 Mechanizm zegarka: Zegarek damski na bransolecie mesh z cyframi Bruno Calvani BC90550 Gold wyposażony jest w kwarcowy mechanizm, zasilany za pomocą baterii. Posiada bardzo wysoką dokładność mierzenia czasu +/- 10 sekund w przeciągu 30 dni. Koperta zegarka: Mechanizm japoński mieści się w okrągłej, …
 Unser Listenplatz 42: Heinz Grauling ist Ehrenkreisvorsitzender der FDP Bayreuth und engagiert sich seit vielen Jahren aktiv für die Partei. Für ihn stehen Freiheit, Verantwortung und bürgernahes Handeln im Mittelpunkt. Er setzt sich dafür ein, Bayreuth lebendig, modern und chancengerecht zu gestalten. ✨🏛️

####################

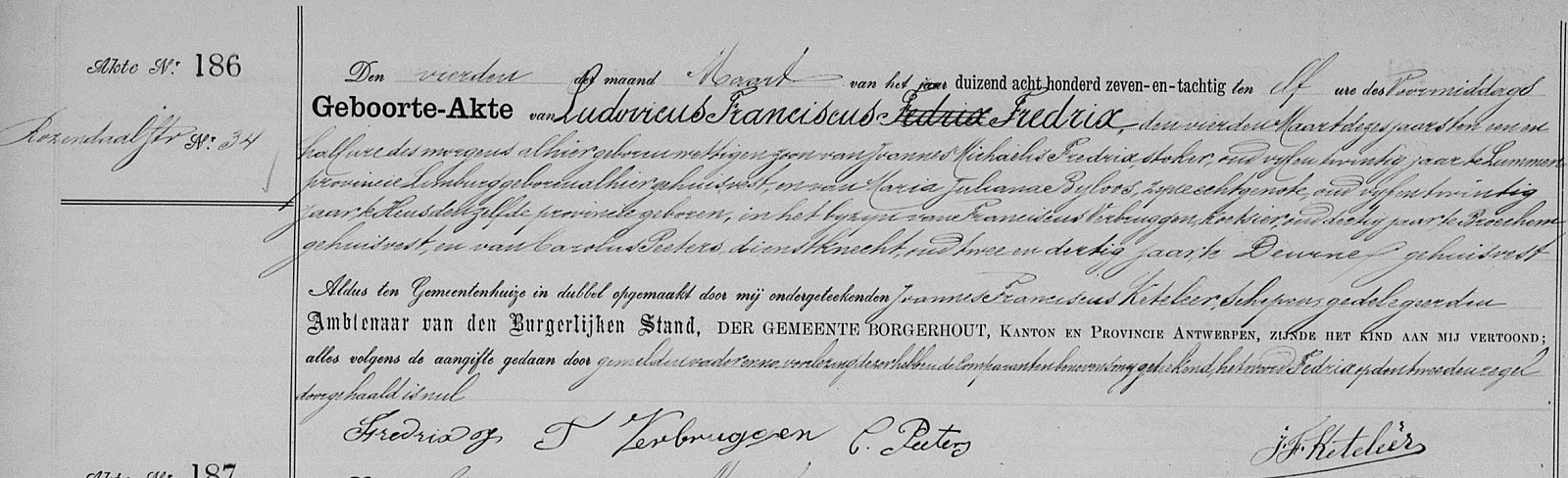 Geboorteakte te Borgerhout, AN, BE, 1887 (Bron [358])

####################

• TASK DIRECTIONS: The lines above from the one with "Mechanizm zegarka: Zegarek" through the one with "Unser Listenplatz 42: Heinz" are to be duplicated exactly, ends included, with nothing added.

• OUTPUT FOR THIS TASK:
 Mechanizm zegarka: Zegarek damski na bransolecie mesh z cyframi Bruno Calvani BC90550 Gold wyposażony jest w kwarcowy mechanizm, zasilany za pomocą baterii. Posiada bardzo wysoką dokładność mierzenia czasu +/- 10 sekund w przeciągu 30 dni. Koperta zegarka: Mechanizm japoński mieści się w okrągłej, …
 Unser Listenplatz 42: Heinz Grauling ist Ehrenkreisvorsitzender der FDP Bayreuth und engagiert sich seit vielen Jahren aktiv für die Partei. Für ihn stehen Freiheit, Verantwortung und bürgernahes Handeln im Mittelpunkt. Er setzt sich dafür ein, Bayreuth lebendig, modern und chancengerecht zu gestalten. ✨🏛️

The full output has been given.